Friday, April 12, 2013

Dietary Antioxidants vs Dietary Supplements: Which Are Better For Your Heart?

If you are what you eat, do you look more like Ronald McDonald or the Pillsbury Doughboy?  Or do you look more like some of the Olympic athletes?  Isn't it unfortunate that we can't bottle up their efforts, pop a pill, and look just as good as they do?  Unfortunately, it doesn't quite work that way, at least not yet.  Worse, modern day snake oil salesmen have preyed on our need for a quick fix by marketing any number of pills designed to make us look, feel & perform 20-30 years younger than our current chronologic age.

An 11yr prospective population-based cohort study of 49-83yo Swedish women was published early online last week in the American Journal of Medicine in which the authors concluded that total dietary antioxidant as estimated by Oxygen Radical Absorbance Capacity (ORAC) was inversely associated with heart failure risk.  In other words, eating healthy just might help lower one's risk for heart failure by up to 42%..  Now isn't that a nice incentive to do the right thing?  Try combining these results with an earlier one in which the Mediterranean diet plus either olive oil or nuts was associated w/lower risk of heart disease.  

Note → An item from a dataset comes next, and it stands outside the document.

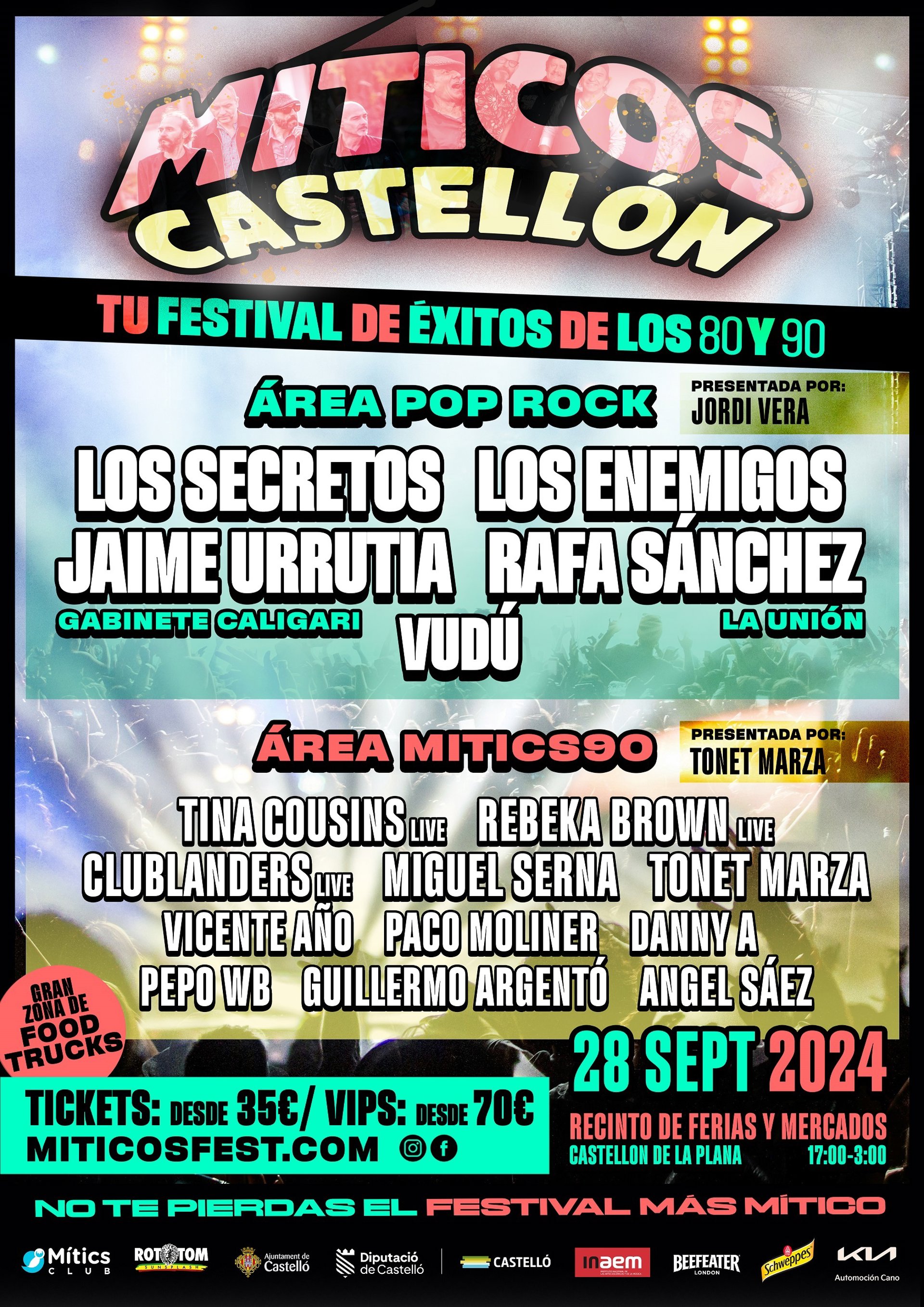Mitics90 Área, un espacio 100 por cien remember, dentro del festival Míticos Castellón, que se celebrará el 28 de septiembre en el Recinto de Ferias y Mercados de Castellón, nace "por un tema generacional". "Queremos llegar a una generación atraída por el pop rock de los 80 y los 90, por la música remember que marcó también esas décadas o por ambos estilos, por qué no", según ha explicado Joaquim López, director del Míticos Castellón.

Unfortunately, you can't yet bottle these findings into a handful of pills, although that's probably not going to stop any manufacturer from making unsubstantiated claims generalized from this study.  Recall that this study is one of dietary antioxidants, not dietary supplements.  We just don't have the evidence to demonstrate much benefit from popping pills.  So go out there & eat healthy.